Set up notifications using Amazon SNS

Now that you have installed the Amazon Inspector agent, you will set up an SNS topic that will notify you of any findings after an Amazon Inspector run.

To set up an SNS topic:

  1. In the AWS Management Console, choose Simple Notification Service under Messaging in the Services menu.
  2. Choose Create topic, name your topic (only alphanumeric characters, hyphens, and underscores are allowed) and give it a display name to ensure you know what this topic does (I’ve named mine Inspector). Choose Create topic.
    "Create new topic" page
  3. To allow Amazon Inspector to publish messages to your new topic, choose Other topic actions and choose Edit topic policy.
  4. For Allow these users to publish messages to this topic and Allow these users to subscribe to this topic, choose Only these AWS users. Type the following ARN for the US East (N. Virginia) Region in which you are deploying the solution in this post: arn:aws:iam::316112463485:root. This is the ARN of Amazon Inspector itself. For the ARNs of Amazon Inspector in other AWS Regions, see Setting Up an SNS Topic for Amazon Inspector Notifications (Console). Amazon Resource Names (ARNs) uniquely identify AWS resources across all of AWS.
    Screenshot of editing the topic policy
  5. To receive notifications from Amazon Inspector, subscribe to your new topic by choosing Create subscription and adding your email address. After confirming your subscription by clicking the link in the email, the topic should display your email address as a subscriber. Later, you will configure the Amazon Inspector template to publish to this topic.
    Screenshot of subscribing to the new topic

Define an Amazon Inspector target and template

Now that you have set up the notification topic by which Amazon Inspector can notify you of findings, you can create an Amazon Inspector target and template. A target defines which EC2 instances are in scope for Amazon Inspector. A template defines which packages to run, for how long, and on which target.
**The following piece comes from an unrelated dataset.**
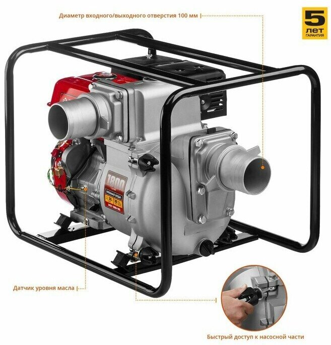 Water quality: medium contaminated, maximum productivity: 1800 l/min, outlet diameter: 100 mm, inlet diameter: 100 mm, engine volume: 420 cm³, engine stroke: 4-stroke, suction height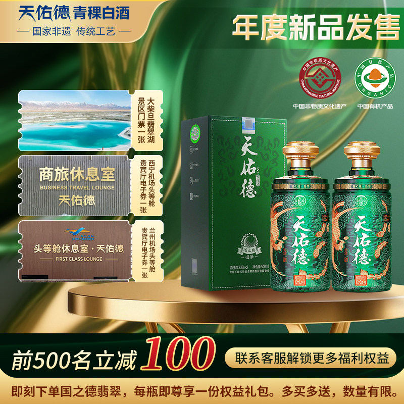 【有机白酒】天佑德青稞酒国之德翡翠52度500ml*2瓶高端白酒送礼

To create an Amazon Inspector target:

  1. Navigate to the Amazon Inspector console and choose Get started. At the time of writing this blog post, Amazon Inspector is available in the US East (N. Virginia), US West (N. California), US West (Oregon), EU (Ireland), Asia Pacific (Mumbai), Asia Pacific (Seoul), Asia Pacific (Sydney), and Asia Pacific (Tokyo) Regions.
  2. For Amazon Inspector to be able to collect the necessary data from your EC2 instance, you must create an IAM service role for Amazon Inspector. Amazon Inspector can create this role for you if you choose Choose or create role and confirm the role creation by choosing Allow.
    Screenshot of creating an IAM service role for Amazon Inspector
  3. Amazon Inspector also asks you to tag your EC2 instance and install the Amazon Inspector agent. You already performed these steps in Part 1 of this post, so you can proceed by choosing Next. To define the Amazon Inspector target, choose the previously used Patch Group tag with a Value of Windows Servers. This is the same tag that you used to define the targets for patching. Then choose Next.
    Screenshot of defining the Amazon Inspector target
  4. Now, define your Amazon Inspector template, and choose a name and the package you want to run. For this post, use the Common Vulnerabilities and Exposures package and choose the default duration of 1 hour. As you can see, the package has a version number, so always select the latest version of the rules package if multiple versions are available.
    Screenshot of defining an assessment template
  5. Configure Amazon Inspector to publish to your SNS topic when findings are reported. You can also choose to receive a notification of a started run, a finished run, or changes in the state of a run. For this blog post, you want to receive notifications if there are any findings. To start, choose Assessment Templates from the Amazon Inspector console and choose your newly created Amazon Inspector assessment template. Choose the icon below SNS topics (see the following screenshot).
    Screenshot of choosing an assessment template
  6. A pop-up appears in which you can choose the previously created topic and the events about which you want SNS to notify you (choose Finding reported).
    Screenshot of choosing the previously created topic and the events about which you want SNS to notify you

Schedule Amazon Inspector assessment runs

The last step in using Amazon Inspector to assess for CVEs is to schedule the Amazon Inspector template to run using Amazon CloudWatch Events. This will make sure that Amazon Inspector assesses your EC2 instance on a regular basis. To do this, you need the Amazon Inspector template ARN, which you can find under Assessment templates in the Amazon Inspector console. CloudWatch Events can run your Amazon Inspector assessment at an interval you define using a Cron-based schedule. Cron is a well-known scheduling agent that is widely used on UNIX-like operating systems and uses the following syntax for CloudWatch Events.

Image of Cron schedule

All scheduled events use a UTC time zone, and the minimum precision for schedules is one minute. For more information about scheduling CloudWatch Events, see Schedule Expressions for Rules.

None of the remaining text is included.